[146]L’autorité du sultan d’Agadès est purement nominale. « Tout son rôle, dit encore E. de Bary, se borne à faire percevoir un tribut sur les caravanes qui viennent du Nord. (De là ce nom de serki-n-touraoua, consul des blancs, que portait le malandrin qui avait dépouillé le voyageur.) Quant aux Kel-Ouï, ils ne paient de tribut ou de redevance d’aucune sorte, et chaque cheikh traite à sa guise les affaires intérieures de sa tribu. » (Lettre citée, p. 251.)
[147]La même information a été recueillie récemment par le lieutenant de vaisseau Hourst (la Mission Hourst, Paris, p. 225, 1897).
[148]Renseignement erroné, que le voyageur a rectifié plus tard (voir plus loin [p. 139]).
[149]Et non en sténographie.
[150]Cette nécessité d’aller chercher des vivres au Soudan n’était pas un fait anormal. L’Aïr ne suffit pas à nourrir la population qui l’habite. « Sans le commerce du sel, dit Richardson, la population se verrait dans l’alternative de périr ou d’émigrer au Soudan. » (A Narrative of a Mission to Central-Africa, II, p. 138).
[151]Les rapports des Kel-Guérès avec les Kel-Ouï d’Aïr sont des plus curieux. « Bien qu’ils soient nominalement les uns et les autres sous la suzeraineté du sultan d’Agadès, ils sont très souvent en guerre, et ne font d’armistice que lorsque leurs intérêts commerciaux l’exigent. Alors les Kel-Ouï apportent le sel de Bilma à Agadès et l’échangent auprès des Kel-Guérès contre les produits du Soudan. Les Kel-Guérès ne restent que peu de jours à Agadès, et retournent ensuite dans leur région de l’Ader. » (E. de Bary, lettre citée, p. 251.)

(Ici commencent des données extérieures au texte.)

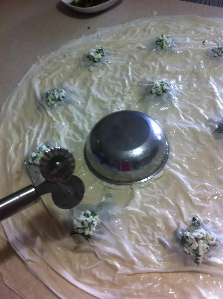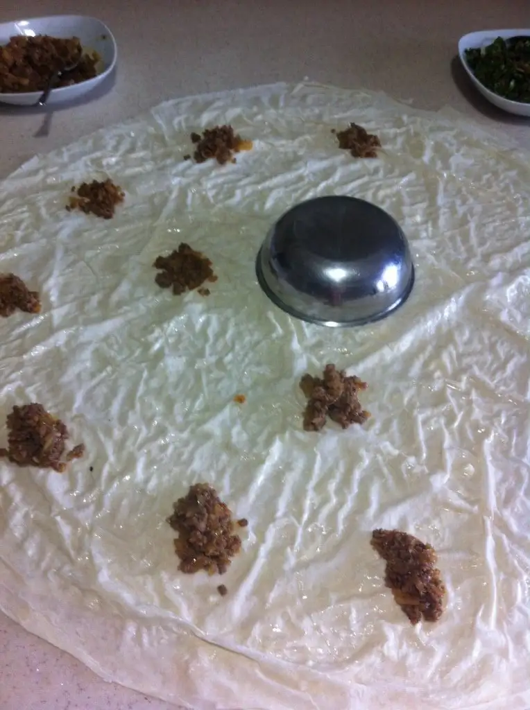 burdan sonra belli bir daire şeklinde kesecegimiz için ya göz kararı yada benim kulandığım gibi bir kapla belirleyip ilk harcımız kıymalı içten 1 kaşık ekliyoruz . yaymanıza gerek yok ne kadar toplu olursa börek içinde o kadar iyi olur ..
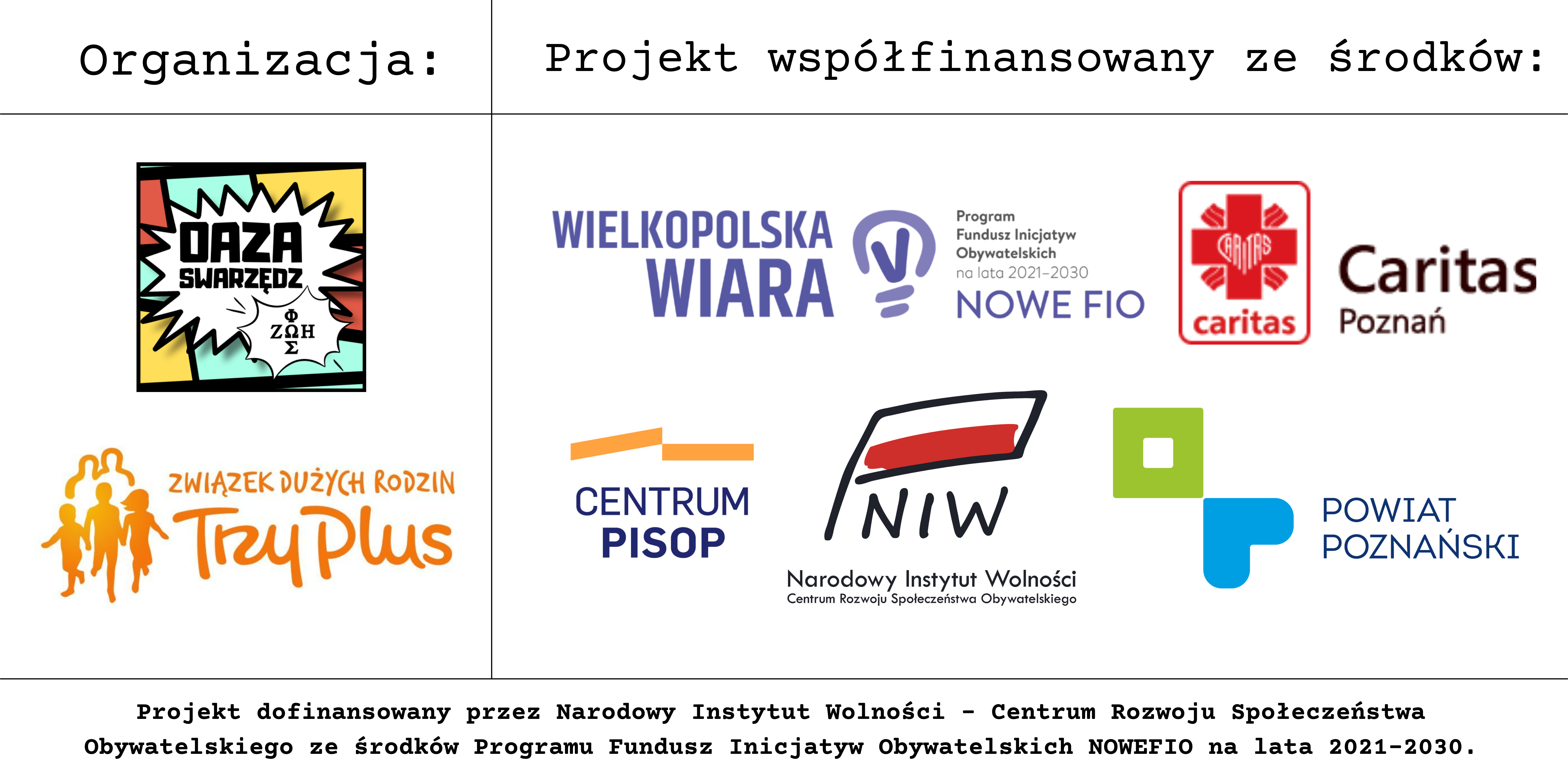 Przygotowanie takiego wydarzenia wiązało się z pracą wielu osób i organizacji, którym tutaj chcielibyśmy z serca podziękować. Projekt był współfinansowany w ramach programu Wielkopolska Wiara oraz ze środków Powiatu Poznańskiego. Sponsorom i partnerom serdecznie dziękujemy.
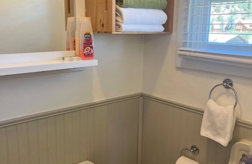 This studio vacation cabin rental at Aspen Ridge Cabins provides one queen size bed, a private bathroom with shower (no tub), smart TV (streaming TV service provided), fiber optic wi-fi, a full sized refrigerator, stove/oven and kitchen with basic supplies. Perfect for an individual or couple wanting an affordable basecamp for their outdoor activities. Accommodates two.
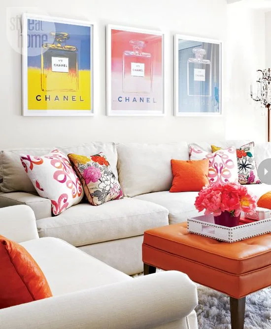 แนวทางต่อมาคือการเลือกใช้คู่สีคู่สีพื้นเรียบๆ กับสีที่ฉูดฉาด ก็จะทำให้ห้องนั่งเล่นดูมีรายละเอียดที่สวยงามคลาสสิคมากขึ้น

[152]Ce renseignement n’était pas plus exact que l’autre. Erwin de Bary découvrit plus tard qu’il n’y avait pas eu de successeur, par l’excellente raison que le sultan n’était pas mort. Il avait simplement fait un séjour à Sokoto pour recueillir la succession d’une de ses femmes.
[153]La question de savoir d’où vient l’eau des salines de Bilma est actuellement insoluble.
Rohlfs mentionne un courant souterrain allant d’est en ouest (Quer durch Afrika, I, p. 249). Nachtigal et Monteil ne parlent que d’une nappe abondante, très proche de la surface du sol.
[154]Richardson (A Narrative of a Mission to Central-Africa, p. 117) et Barth (Reisen, I, p. 572) nous ont décrit l’Aïri ou caravane du sel que les Kel-Ouï organisent chaque année pour chercher le sel de l’oasis de Bilma. Mais on n’avait jusqu’ici aucun détail sur l’itinéraire suivi. Barth donne seulement un itinéraire d’Agadès à Bilma, par une route plus méridionale et plus pénible encore, puisqu’on y compte huit jours de marche sans eau (Reisen, I, p. 532).